1. a catalyst for cooperating with low-temperature plasma-catalytic degraded industrial waste gas, comprises carrier, main active component and co catalysis composition; It is characterized in that, described carrier is SiC; Described main active component is at least one in the mixture of at least one at least one and transition metal oxide in noble metal, noble metal or at least one in transition metal oxide; Co-catalyst component is at least one in the mixture of at least one at least one and alkaline earth oxide in rare-earth oxide, rare-earth oxide or at least one in alkaline earth oxide; Main active component accounts for 0.1 ~ 5% of catalyst gross mass, and co-catalyst component accounts for 0.1 ~ 5% of catalyst gross mass.

2. catalyst according to claim 1, it is characterized in that, described carrier S iC is foam-like or cellular.

3. catalyst according to claim 2, is characterized in that, the thickness 5 ~ 20mm of foam-like SiC carrier, aperture 15 ~ 25ppi.

4. catalyst according to claim 1, it is characterized in that, described noble metal is Ag, Pt or Pd.

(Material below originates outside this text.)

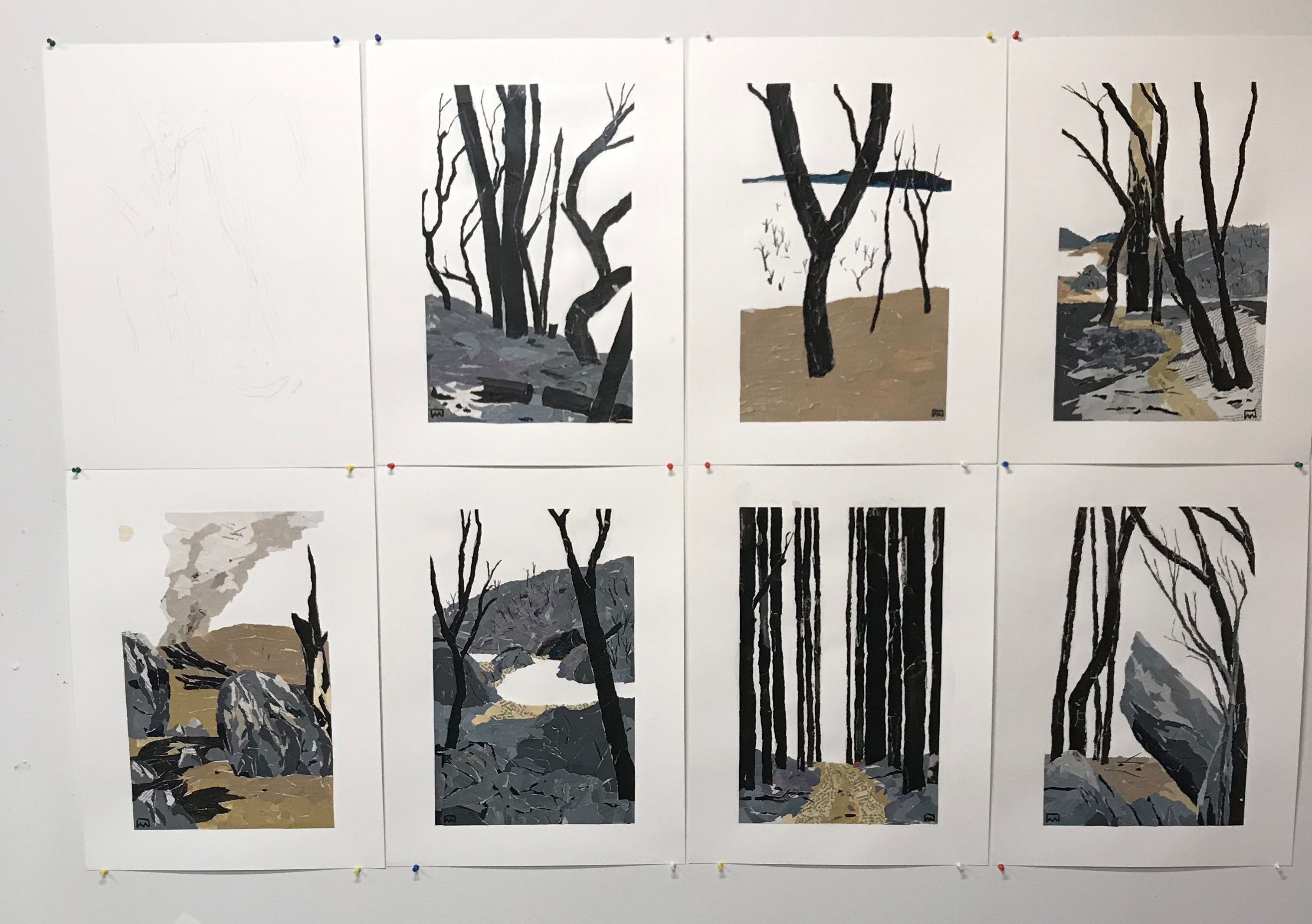 It was a real catharsis to create these works. Turning the trauma of the fires into this visercal response. It also forced me to create a new collage technique. When I couldn’t find the right blacks and greys in magazines, I overpainted magazines with acrylic glazes which created this fantastic range of charcoal blacks, which I tore of up and stuck down to create these fire ravaged landscapes.
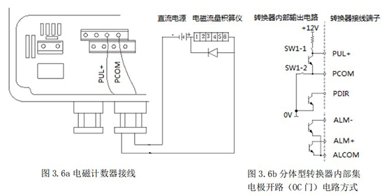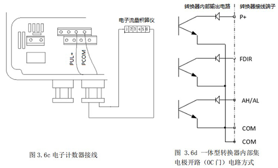 3.4.5 頻率(脈沖)、上下限報警、流向標(biāo)示等輸出均為集電極開路的電平輸出信號。

5. catalyst according to claim 1, it is characterized in that, described transition metal oxide is the oxide of Mn, Co, Ni, Ti, Cr, Cu or Fe.

6. catalyst according to claim 1, it is characterized in that, described rare-earth oxide is the oxide of La or Ce.

7. catalyst according to claim 1, it is characterized in that, described alkaline earth oxide is the oxide of Ca or Ba.

8. a preparation method for catalyst as claimed in claim 1, is characterized in that, comprise the steps:

(3) ultrasonic end post-drying, then roasting 3.5 ~ 4.5h at 450 ~ 550 DEG C, obtains described catalyst.

9. catalyst, in an application for cooperating with low-temperature plasma-catalytic degraded industrial waste gas, is characterized in that, is positioned in the region of discharge of plasma catalytic reactor by described catalyst as claimed in claim 1.